In February, shortly after a NASA oversight panelist revealed that SpaceX was targeting 52 launches in 2022, CEO Elon Musk confirmed that the company’s goal was for “Falcon [to] launch about once a week” throughout the year. In October 2020, continuing a tradition of extremely ambitious SpaceX launch cadence targets, Musk had also tweeted that “a lot of improvements” would need to be made to achieve his goal of 48 launches – an average of four launches per month – in 2021. Ultimately, SpaceX fell well short of that target, but did set a new annual record of 31 launches in one year, breaking its 2020 record of 26 launches by about 20%. However, perhaps even more important than the new record was the fact that SpaceX was able to complete six launches in four weeks at the end of 2021.

That impressive and unexpected achievement would turn out to be an explicit sign of things to come in 2022.

SpaceX’s successful completion of three launches in 36.5 hours is merely an extension of that feat. In the same four-week period at the end of 2021, SpaceX completed three of those six launches in 69 hours. Two months later, SpaceX did it again, launching three Falcon 9 rockets from all three of its Falcon launch pads in 67 hours.

More importantly, SpaceX has also managed to sustain an average cadence of more than one Falcon launch per week throughout the first half of 2022, completing its 26th launch of the year on June 19th with another two launches planned before the end of the month. SpaceX has actually sustained that cadence for even longer. Beginning on November 24th, 2021, SpaceX has now completed 32 Falcon 9 launches in less than seven months.

The company’s latest hat-trick or triple-header began on Friday, June 17th, when Falcon 9 booster B1060 lifted off at 12:09 pm EDT from SpaceX’s NASA Kennedy Space Center LC-39A pad, helped carry another 53 Starlink V1.5 satellites into space, and became the first Falcon booster to launch and land 13 times. Starlink 4-19 was also SpaceX’s 49th dedicated Starlink launch, SpaceX’s 50th consecutively successful Falcon booster landing, and 100th successful Falcon booster reuse.

Falcon 9 B1060 lifts off for the 13th time. (Richard Angle)

22 hours later, a second Falcon 9 rocket lifted off from SpaceX’s Vandenberg Space Force Base SLC-4E pad at 7:19 am PDT, Saturday, June 18th carrying the first of three SARah radar satellites for Germany and an unspecified number of rideshare payloads. For the third time this year, booster B1071 successfully boosted back to shore and touched down at SLC-4E’s LZ-4 landing pad shortly after liftoff.

Fog made Falcon 9’s SARah-1 launch virtually invisible, but the landing was not. (SpaceX)

Finally, at 12:27 am EDT on Sunday, June 19th, at third Falcon 9 rocket lifted off from SpaceX’s Cape Canaveral Space Force Station LC-40 pad carrying a single spare Globalstar-2 communications satellite and, apparently, several secret rideshare payloads.

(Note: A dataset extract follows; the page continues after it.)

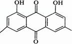 大黃游離羥基蒽醌類化合物的化學(xué)結(jié)構(gòu)式 2.1 大黃素(Emodin):分子式C15H10O5,分子量270.23。橙色長(zhǎng)針狀結(jié)晶(丙酮中結(jié)晶)或黃色長(zhǎng)針狀結(jié)晶(甲醇中結(jié)晶),mp.256~257℃。幾乎不溶于水,對(duì)下列溶劑的溶解度分別為:四氯化碳0.01%,氯仿0.0718%,二硫化碳0.009%,乙醚0.14%,苯0.041%。易溶于乙醇、氨水、碳酸鈉和氫氧化鈉水溶液[15]。 2.2 大黃酚(Chrysophanol):分子式C15H10O4,分子量254.23。金黃色六角型片狀結(jié)晶(丙酮中結(jié)晶)或針狀結(jié)晶(乙醇中結(jié)晶),mp.196℃,能升華。易溶于乙醚、氯仿、苯、冰乙酸、乙醇,稍溶于甲醇,難溶于石油醚,不溶于水、碳酸氫鈉和碳酸鈉水溶液,可溶于氫氧化鈉水溶液及熱碳酸鈉水溶液[16]。 2.3 大黃素甲醚(Physcion):分子式C16H12O5,分子量284.26。金黃色針狀結(jié)晶,mp.207℃,能升華?扇苡跉溲趸c水溶液,溶解度與大黃酚相似[15]。 2.4 蘆薈大黃素(Aloe-emodin):分子式C15H10O5,分子量270.23。橙色針狀結(jié)晶(甲苯中結(jié)晶),mp.223~224℃。易溶于熱乙醇,在乙醚及苯中呈黃色,在氨水及硫酸中呈緋紅色[16]。 2.5 大黃酸(Rhein):分子式C15H8O6,分子量284.21。黃色針狀結(jié)晶(升華法),mp.321~322℃,330℃分解。幾乎不溶于水,溶于堿和吡啶,略溶于乙醇、苯、氯仿、乙醚和石油醚[16]。 3 大黃中化學(xué)成分的理化鑒別 3.1 取大黃粉末少量,加堿液呈紅色。 3.2 取本品粉末的稀乙醇浸出液,滴于濾紙上,再滴加稀乙醇,擴(kuò)散后呈黃色至淡棕色環(huán),置紫外光燈(365nm)下觀察,呈棕色至棕紅色熒光。(檢查蒽醌衍生物) 3.3 取本品粉末少量,進(jìn)行微量升華,顯微鏡下觀察可見菱狀針晶或羽狀結(jié)晶。 3.4 取大黃粉末0.1g,加水50ml,置水浴上加熱30分鐘,濾過(guò),濾液中加稀鹽酸2滴,用乙醚提取二次,每次20ml,除去乙醚層,水層加鹽酸5ml,置水浴中加熱30分鐘,冷卻,用乙醚20ml提取,分取乙醚層,加碳酸氫鈉試液10ml,振搖,水層顯紅色。(檢查羥基蒽醌衍生物) 3.5 取本品粉末0.1g,加甲醇20ml浸漬1小時(shí),濾過(guò),取濾液5ml,蒸干,加水10ml使溶解,再加鹽酸1ml,置水浴中加熱30分鐘,立即冷卻,用乙醚分2次提取,每次20ml,合并乙醚液,蒸干,殘?jiān)勇确?ml使溶解,作為供試品溶液。另取大黃對(duì)照藥材0.1g,同法制成對(duì)照藥材溶液。再取大黃酸對(duì)照品,加甲醇制成每1ml含1mg的溶液,作為對(duì)照品溶液。吸取上述三種溶液各4μl,分別點(diǎn)于同一以羧甲基纖維素鈉為粘合劑的硅膠H薄層板上,以石油醚(30~60℃)-甲酸乙酯-甲酸(15∶5∶1)的上層溶液為展開劑,展開,取出,晾干,置紫外光燈(365nm)下檢視。供試品色譜中,在與對(duì)照藥材色譜相應(yīng)的位置上,顯相同的五個(gè)橙黃色熒光主斑點(diǎn);在與對(duì)照品色譜相應(yīng)的位置上,顯相同的橙黃色熒光斑點(diǎn),置氨蒸氣中熏后,日光下檢視,斑點(diǎn)變?yōu)榧t色。(見附圖1、2) 4 大黃中游離羥基蒽醌類化合物的ESR試驗(yàn) 4.1 大黃中游離羥基蒽醌類化合物的提取分離和純化 4.1.1 提取工藝流程圖

Falcon 9’s Globalstar launch occurred just over 14 hours after SARah-1, breaking SpaceX’s record time between two orbital launches.

Falcon 9’s 3rd launch in 36 hours. (Richard Angle)

Globalstar FM15 was also SpaceX’s 26th launch of 2022, averaging one launch every 6.5 days in the first half of the year. June isn’t over, however, and SpaceX still have plans to launch Starlink 4-21 on June 25th and the SES-22 geostationary communications satellite on June 28th. If both launches avoid delays, SpaceX will end the first half of 2022 with 28 successful orbital launches. Perhaps even more significantly, after another two launches in the last days of June, SpaceX will have launched 17 times in a single quarter – equivalent to 68 launches per year if sustained for four quarters. In the history of spaceflight, a single rocket family has never successfully launched more than 61 times in one year.